## Task statement
Write out all of the records below precisely as given, omitting the images.
··· Extracted information ···
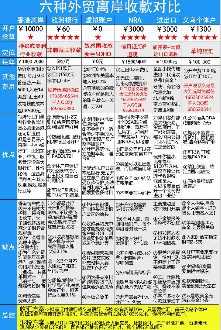 義烏個體戶主要優點能無限額結匯,到賬1-3天,并且開建行還可做虛擬產品(比如游戲幣,谷歌傭金啊等),結匯無需提供物流和PI,隱私更強. 能收個人的PAYPAL提現,缺點是開戶需要本人帶身份證跑支行簽到(全國9個城市支行)缺點②無法退稅和美金轉賬.個體戶賬戶可以收匯,但是不可以美金提現轉賬,所以如果說你的美金收進來就需要結匯人民幣那么直接用個體戶賬戶,如果說美金需要匯到工廠退稅或者說國外客戶不接受個人賬戶匯款的情況就用泛付③無法收企業PP提現④每次備注都要寫中間行,這個比較麻煩!
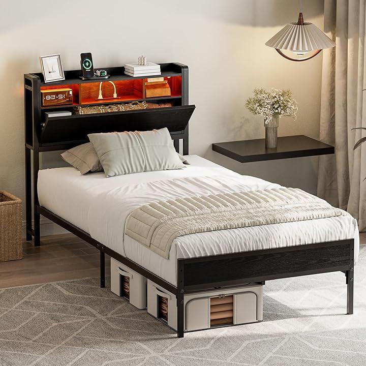 IKIFLY ベッドフレーム シングル 収納宮棚付き パイプベッド コンセント付き シングルベッド スチールベッド LEDライト付き 2段階高さ調整 頑丈 カビ防止 安定性 耐久性 耐荷重350KG 組立簡単 (幅97x奥行212x高さ98cm,S ホワイト)
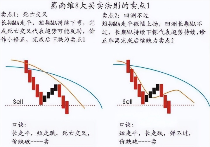 ① 卖1:移动平均线从上升转为平缓,并有转下趋势,而股价线也从其上方下落,跌破了移动平均线,这是第一个卖出讯号。
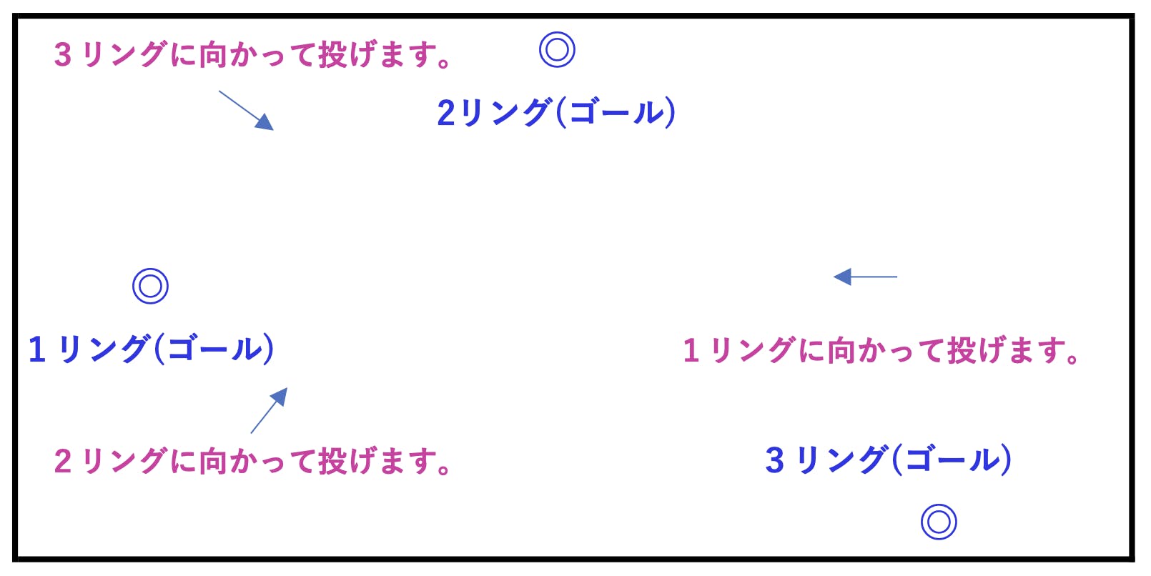 ③全員が1リングに入ったら、2リング→3リングと同様に投げ入れていきます。
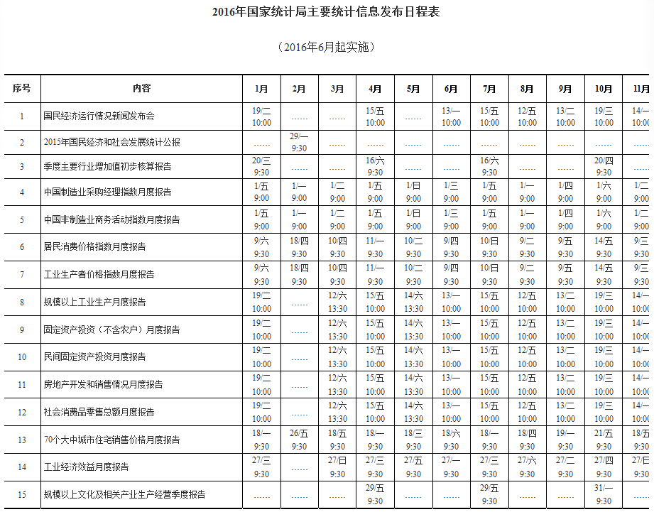今年各月度新聞發(fā)布會(huì)舉辦時(shí)間分別為6月13日、8月12日、9月13日、11月14日和12月13日,CPI、PPI、PMI發(fā)布及季度新聞發(fā)布會(huì)時(shí)間不變。
···
## Result for this task
 義烏個體戶主要優點能無限額結匯,到賬1-3天,并且開建行還可做虛擬產品(比如游戲幣,谷歌傭金啊等),結匯無需提供物流和PI,隱私更強. 能收個人的PAYPAL提現,缺點是開戶需要本人帶身份證跑支行簽到(全國9個城市支行)缺點②無法退稅和美金轉賬.個體戶賬戶可以收匯,但是不可以美金提現轉賬,所以如果說你的美金收進來就需要結匯人民幣那么直接用個體戶賬戶,如果說美金需要匯到工廠退稅或者說國外客戶不接受個人賬戶匯款的情況就用泛付③無法收企業PP提現④每次備注都要寫中間行,這個比較麻煩!
 IKIFLY ベッドフレーム シングル 収納宮棚付き パイプベッド コンセント付き シングルベッド スチールベッド LEDライト付き 2段階高さ調整 頑丈 カビ防止 安定性 耐久性 耐荷重350KG 組立簡単 (幅97x奥行212x高さ98cm,S ホワイト)
 ① 卖1:移动平均线从上升转为平缓,并有转下趋势,而股价线也从其上方下落,跌破了移动平均线,这是第一个卖出讯号。
 ③全員が1リングに入ったら、2リング→3リングと同様に投げ入れていきます。
今年各月度新聞發(fā)布會(huì)舉辦時(shí)間分別為6月13日、8月12日、9月13日、11月14日和12月13日,CPI、PPI、PMI發(fā)布及季度新聞發(fā)布會(huì)時(shí)間不變。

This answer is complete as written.